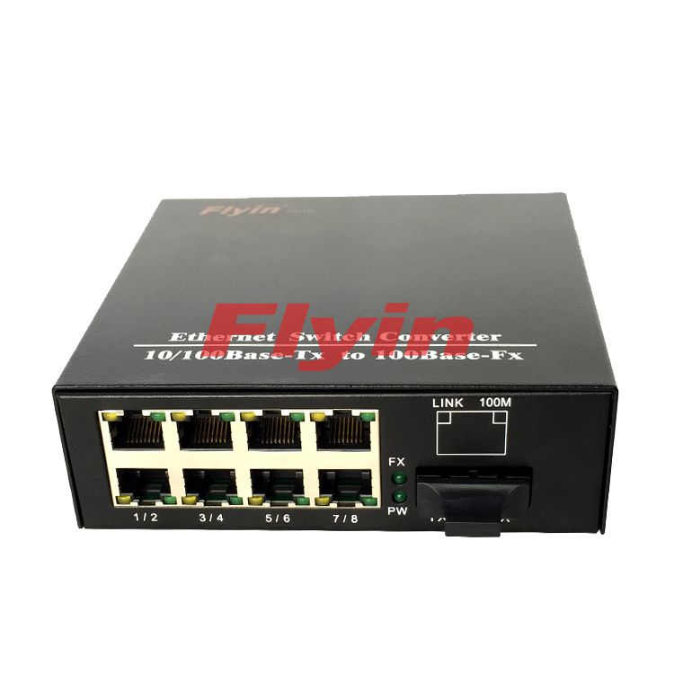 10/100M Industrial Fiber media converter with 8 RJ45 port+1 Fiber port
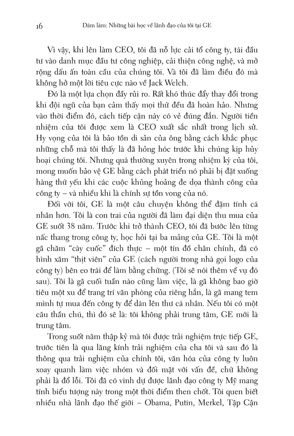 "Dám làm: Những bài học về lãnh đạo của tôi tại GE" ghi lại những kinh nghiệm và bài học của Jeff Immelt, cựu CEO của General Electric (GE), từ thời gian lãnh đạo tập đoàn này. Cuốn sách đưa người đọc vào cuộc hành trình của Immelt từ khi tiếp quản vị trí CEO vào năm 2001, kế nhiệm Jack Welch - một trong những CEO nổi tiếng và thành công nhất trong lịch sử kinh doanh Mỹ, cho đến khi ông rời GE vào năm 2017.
=-=-=
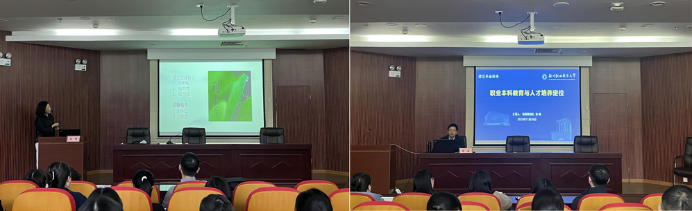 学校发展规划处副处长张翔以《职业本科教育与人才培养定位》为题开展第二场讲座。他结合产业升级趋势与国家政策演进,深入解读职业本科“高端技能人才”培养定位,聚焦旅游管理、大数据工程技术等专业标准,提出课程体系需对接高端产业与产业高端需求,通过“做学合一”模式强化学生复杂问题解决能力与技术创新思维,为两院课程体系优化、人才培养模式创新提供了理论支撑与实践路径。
=-=-=
What the exercise asks:
Return the material from the line containing "10/100M Industrial Fiber" through the line containing "vào năm 2017.", exactly and in full, but without its pictures.

Solution to the exercise:
 10/100M Industrial Fiber media converter with 8 RJ45 port+1 Fiber port
 "Dám làm: Những bài học về lãnh đạo của tôi tại GE" ghi lại những kinh nghiệm và bài học của Jeff Immelt, cựu CEO của General Electric (GE), từ thời gian lãnh đạo tập đoàn này. Cuốn sách đưa người đọc vào cuộc hành trình của Immelt từ khi tiếp quản vị trí CEO vào năm 2001, kế nhiệm Jack Welch - một trong những CEO nổi tiếng và thành công nhất trong lịch sử kinh doanh Mỹ, cho đến khi ông rời GE vào năm 2017.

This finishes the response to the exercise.